Writing a survey is one aspect of making improvements to your website. However, your audience has to respond to your surveys for you to collect actionable data. The problem is that audiences can be reluctant to respond to surveys. Only about 1 in 3 people will respond to a survey.
Many factors can also influence this. And some surveys can have response rates as low as 10 or 15%. In low population groups, this can result in poor data that leads to data being worth little. So what are the factors that can help you improve the response rate of surveys? Here are some ideas and the actions you can and can’t take.
1. Don’t offer prizes
A typical way to get responses is to offer customers prizes, money or points to respond. While this is one option that can improve responses, it could affect the results. When respondents are given something for their participation, they might feel more positive towards your survey.
Also, it does break a rule of surveys to have them anonymous. Respondents are more likely to give a true reflection if you don’t know who they are. But if you’re offering them a prize, they’ll need to provide identifying information that can cause reduced participation or push respondents to give less accurate answers.
2. Anonymous surveys
There are many ways to create an anonymous survey to increase participation. For one, you can refrain from asking identifying questions, things like name, address, telephone number, email address, etc. These things can be used to trace back and may make the respondent nervous.
You should ensure that your surveys don’t ask for something too specific. For example, you can’t ask questions that explain an experience. It wouldn’t be hard to trace that experience. Nor should you ask what they bought and when.
Instead, be more generic so you can ask what type of product the customer bought or what day they made a purchase.
3. Shorter surveys
Too many surveys are too long. The longer the survey, the more people that will abandon it halfway through. At most, customers and employees should only be asked to spend 5-10 minutes responding to your survey. That isn’t very long and equates to about 5-10 questions.
Shorter surveys do provide a little bit of a challenge with quantitative and qualitative data. But you will want to make sure that you are asking about three quantitative questions for every one qualitative question. Therefore, you should only be asking about two or three qualitative questions per survey.
4. Not too intrusive
Some survey writers can be very intrusive with their questions. It can be challenging to get the answers you want. Instead, give respondents a chance to provide the level of information they are happy to provide.
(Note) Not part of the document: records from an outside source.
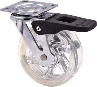 Колесо мебельное GTV д.75 мм полиуретановое на подшипнике со стопом (прозрачный)
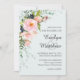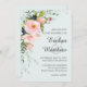 Este belo convite de casamento mostra rosas rosa-pinceladas acentuadas com folhas de oliveira e galhos aqua. O texto da cinza complementa as cores suaves do buquê. Os nomes da noiva e do noivo são carinhosamente representados juntamente com os detalhes da data do casamento, hora e local. Todos os detalhes, incluindo a cor do texto, são completamente personalizáveis.
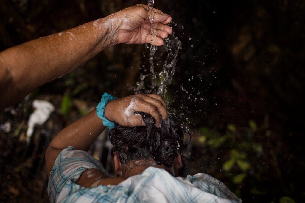 Algunos hombres treparon la pendiente de la colina para colocar tubos de plástico o viejas piezas de desagüe bajo el manantial, con lo que dirigieron el agua hacia enormes tanques de plástico y, posteriormente, se los llevaron. Otros se agacharon en un punto donde gotea hacia el pavimento. Jorge Díaz Rivera, de 61 años, estaba ahí con once botellas de cloro; vive en una comunidad ubicada a unos cuantos minutos en auto, donde no hay agua ni alimento ni ayuda. Los helicópteros de la Guardia Nacional han sobrevolado y, a veces, él y sus vecinos les gritan, suplicando por agua. Pero hasta el momento no ha recibido ayuda.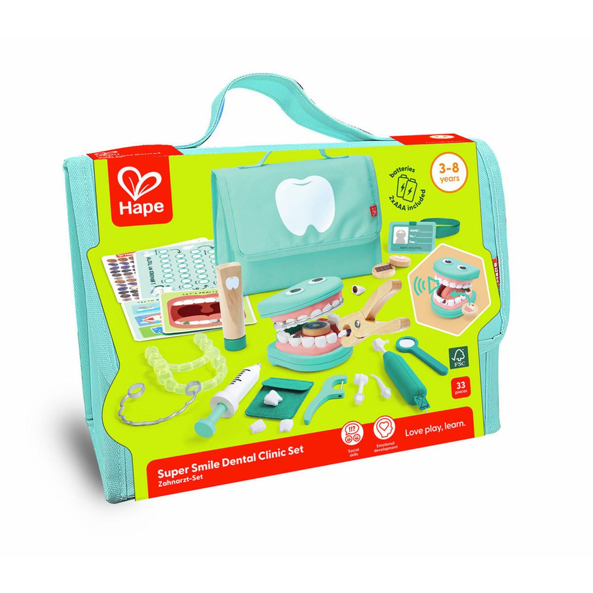 Haz que el cuidado dental sea divertido con el **Juego de Clínica Dental Super Smile** de Hape. Este set interactivo convierte la visita al dentista en una experiencia educativa y entretenida, con herramientas realistas como cepillo de dientes vibrador, espejo dental y dientes de juguete electrónicos. Perfecto para fomentar hábitos saludables, habilidades motoras finas y el juego de roles creativo.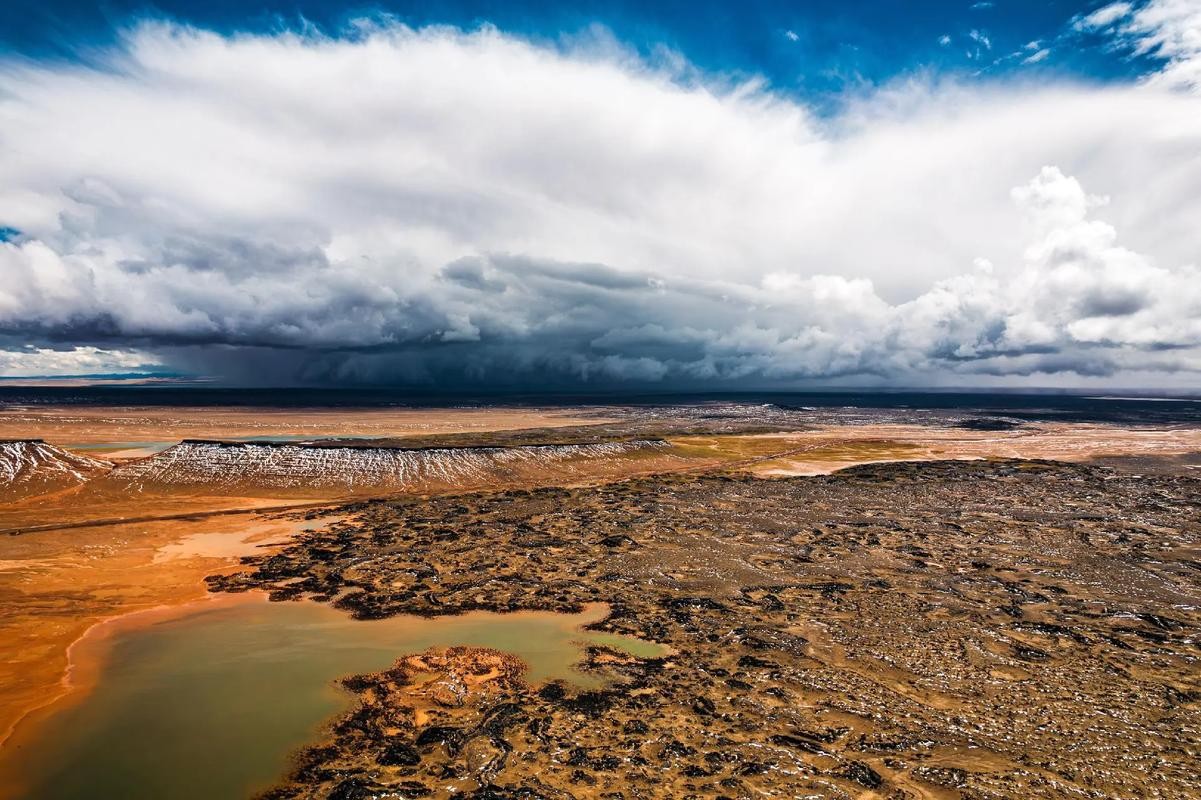 高海拔与湿地环境:平均海拔超过5000米,气候寒冷多变。地表多为沼泽湿地和盐碱地,地下水位较高,土壤湿润。丰富生物资源:羌塘是许多珍稀动物的栖息地,如藏羚羊、雪豹、藏野驴等。这里的高寒草甸和湿地环境也为各种植物提供了适宜的生长条件。人类活动的缺乏:由于地理环境的恶劣,人类活动几乎不存在。这里没有城市、村庄或道路,只有广袤的草原和湖泊。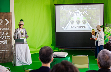 釧路湿原にある天然記念物ヤチボウズを、キモカワゆるキャラ「やちっぺ」にしてこれまでグッズ展開や見学ツアーなども開催してきました。釧路の公式ゆるキャラになるくらいの人気者にしていきたい!そんな想いを、とても楽しそうに語るその姿が会場全体をほんわかさせていた、そんないい雰囲気のプレゼンでした。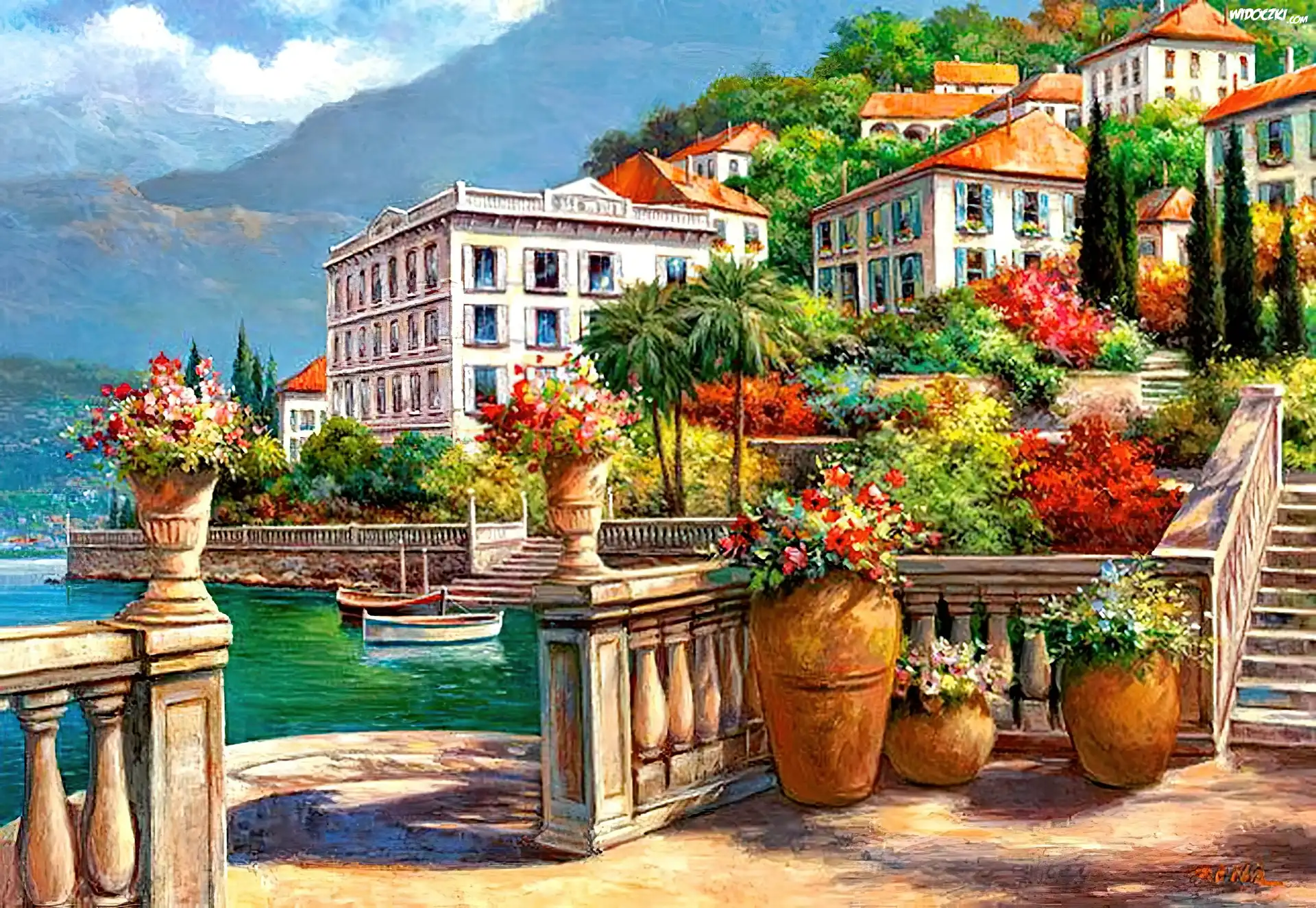 Domy, Morze, Taras, Kwiaty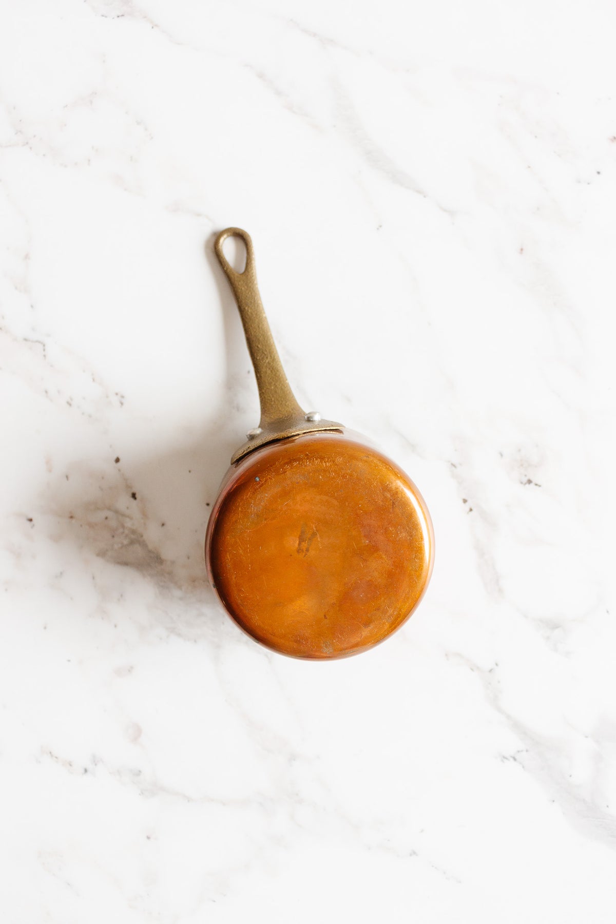 Gorgeous, hand forged French copper pot in a sweet "petit" size. We think they look fabulous  hung from a pot rack in all its beauty that only comes with age and use.
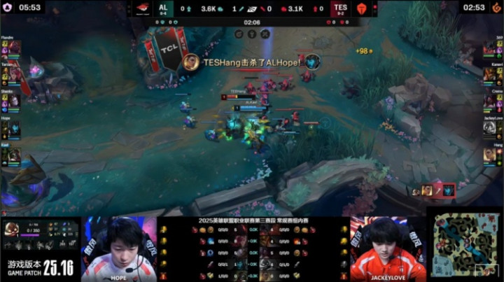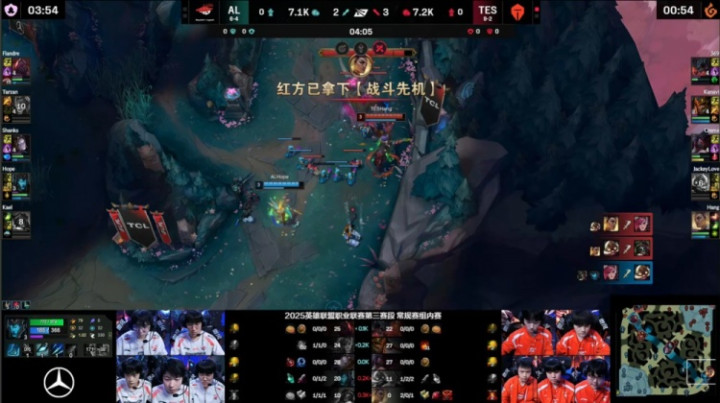 [25:54]TES入侵AL野区,hang芮尔吸两人,TES瞬间打出0换3,回头吃掉大龙,经济领先5k。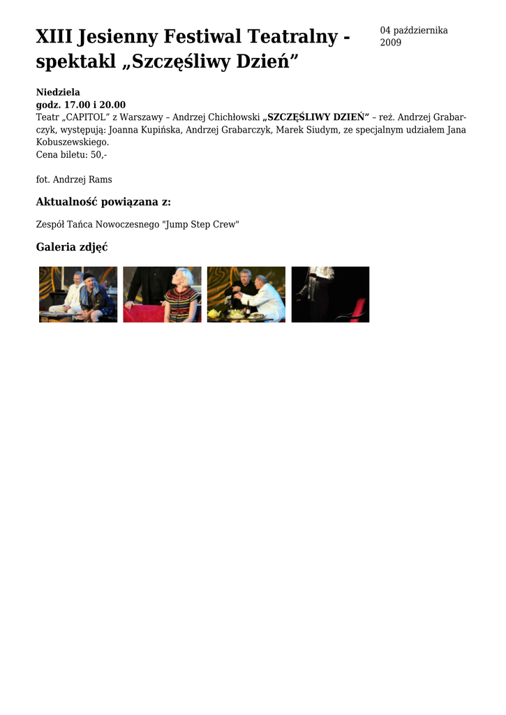 XIII Jesienny Festiwal Teatralny spektakl „Szczęśliwy Dzień” 04 października 2009 Niedziela godz. 17.00 i 20.00 Teatr „CAPITOL” z Warszawy – Andrzej Chichłowski „SZCZĘŚLIWY DZIEŃ” – reż. Andrzej Grabarczyk, występują: Joanna Kupińska, Andrzej Grabarczyk, Marek Siudym, ze specjalnym udziałem Jana Kobuszewskiego. Cena biletu: 50,fot. Andrzej Rams Aktualność powiązana z: Zespół Tańca Nowoczesnego "Jump Step Crew" Galeria zdjęć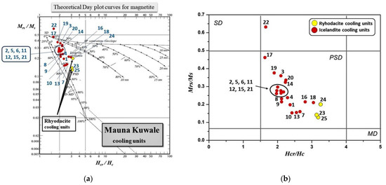 - Dunlop, D.J. Theory and application of the Day plot (Mrs/Ms versus Hcr/Hc) 1. Theoretical curves and tests using titanomagnetite data. J. Geophys. Res. 2002, 107, 2056. [Google Scholar] [CrossRef]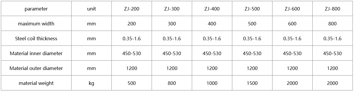 The main specifications of hydraulic uncoiler are 5 tons, 7 tons, 10 tons, 12.5 tons, 15 tons and 20 tons. Mainly used for coil feeding and recycling. Each set of uncoiler includes feeding trolley, V-shaped loading interface, hydraulic station, auxiliary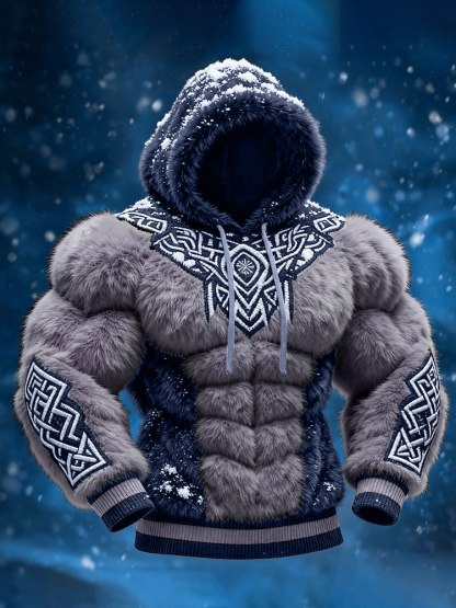 Men's Viking Tribal Jacquard Celtic Inspired Muscle Line Art Plush Warm Hoodie

That is another reason why there needs to be a mix of qualitative and quantitative questions.
Your quantitative questions can ask people to respond on a scale which could be numbered one to ten, for instance, or least likely to most likely. Then ask the respondent to give more details (qualitative questioning).
5. Time your surveys to the right time
You are going to get more responses to surveys when sending out your surveys at a good time. The time which is best for your audience can be different from another organisation. There are contradictions despite research into this.
However, for a business survey, research has found that Monday is often a good day for surveys. According to the statistics, about 16% of survey requests get responses. In contrast, all other days of the week got less than 10%. Research has found that sending invites between 9 am and noon and 3 pm and 6 pm are the best times to send survey requests. Sending requests over lunchtime was very poor.
In contrast, sending surveys to customers can be very different. Research has found that Tuesday, Wednesday and Friday were the best days to send surveys. The worst day was Thursday. The best times for consumers seemed to be consistently 6 pm to 9 pm.
6. Making surveys mobile friendly
Research has shown that people tend to use their mobile devices more between 6 pm and 10 pm. This information corresponds with other research data that shows this is the time when customers are most responding to surveys. Therefore, sending surveys during these times is going to yield better results.
Making surveys mobile friendly also has other implications. For one, it means that your surveys are quick to load on any device, including desktops and mobiles. Studies into consumer behaviours have demonstrated that for every second that a page takes to load, can lose you 7% of your audience. Being mobile-friendly often means that you can speed to the loading times up to less than a second.
7. Method of delivery
Technology allows you to add a pixel to your order confirmation pages that can compel the audience to complete a survey when they next visit Facebook, Instagram, Snapchat or other social media page.
However, these can be an expensive way to collect surveys and might not be accurate. These technologies cannot always guarantee the same person does not answer twice.
One of the more successful approaches is to send invites through email, generally increasing response rate with more controls and higher accuracy.
You want to ensure that you have a high response rate when it comes to creating surveys and sending them out. Use the tips above to improve the response rate to get high response rates to your survey and get the most out of your data. Higher results will also lead to less costly campaigns when it comes to sending out surveys, improved accuracy and survey campaigns that take less time.
You can try some of the techniques listed above in one campaign or one at a time.